Marido de PM morta com tiro na cabeça é indiciado por feminicídio em São Paulo
Marido de PM morta é indiciado por feminicídio em SP

Marido de PM morta com tiro na cabeça é indiciado por feminicídio em São Paulo

Em São Paulo, a Polícia Civil solicitou a prisão do tenente-coronel Geraldo Leite Neto, investigado pela morte da esposa, a policial militar Gisele Alves Santana, de 32 anos. O caso, que chocou a corporação e a sociedade, levou à indicação do militar pelos crimes de feminicídio e fraude processual, após evidências apontarem que ele tentou simular um suicídio.

Detalhes do crime e investigação

Gisele foi encontrada morta com um tiro na cabeça no dia 18 de fevereiro, no apartamento onde o casal residia na capital paulista. Inicialmente, o marido alegou que a mulher havia tirado a própria vida, mas a família contestou essa versão, levando a Justiça a determinar a exumação do corpo para novas análises.

Exames realizados após a morte e também depois da exumação revelaram marcas no pescoço e no rosto da vítima, indicando força exercida pela pressão dos dedos das mãos e marcas de unha na pele. Esses achados contradizem a hipótese de suicídio e reforçam as suspeitas de violência prévia ao disparo.

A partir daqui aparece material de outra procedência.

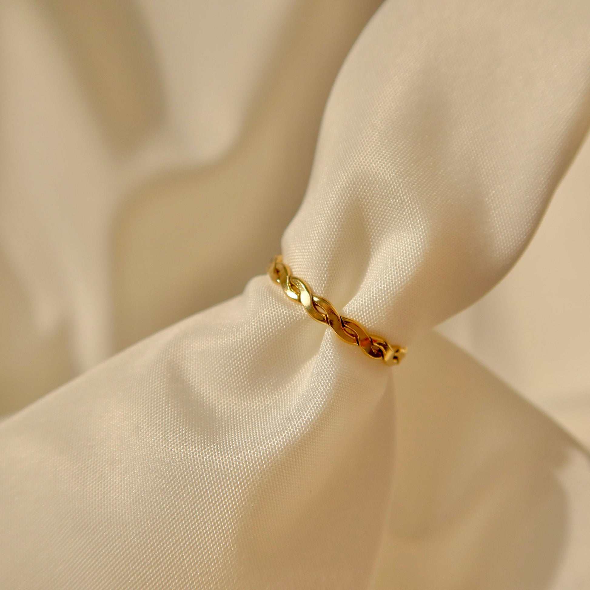 This dainty and unique gold filled braided rope ring is a perfect everyday statement ring. It’s simple yet exquisite that makes a perfect stacking ring. 14k gold filled material guarantees long lasting shine and gold. They are safe in the shower too! Just remember to keep it away from chemicals such as lotions, perfume and soap.

Circunstâncias que levantaram suspeitas

As circunstâncias da morte também despertaram a atenção dos bombeiros que atenderam a ocorrência. Em depoimento à polícia, os socorristas relataram que o cenário não parecia compatível com um suicídio, destacando a posição da arma, que estava tão bem encaixada na mão da vítima que levantou dúvidas.

Além disso, os bombeiros afirmaram que o marido não apresentava marcas de sangue que indicassem tentativas de socorro, aumentando as suspeitas sobre sua conduta no local do crime. A polícia agora aguarda a decisão da Justiça sobre decretar ou não a prisão do tenente-coronel.

Contexto e repercussões

O caso tem gerado ampla repercussão, especialmente por envolver membros da polícia militar, destacando questões de violência doméstica e abuso de poder. A defesa do tenente-coronel Geraldo Leite Neto não se manifestou publicamente sobre as acusações, enquanto a investigação continua para esclarecer todos os detalhes deste trágico episódio.

Este incidente reforça a importância de investigações rigorosas em casos de mortes violentas, garantindo que a justiça seja feita e que vítimas como Gisele não sejam esquecidas. A sociedade aguarda ansiosamente por mais desenvolvimentos, na esperança de que a verdade prevaleça e medidas sejam tomadas para prevenir futuras tragédias.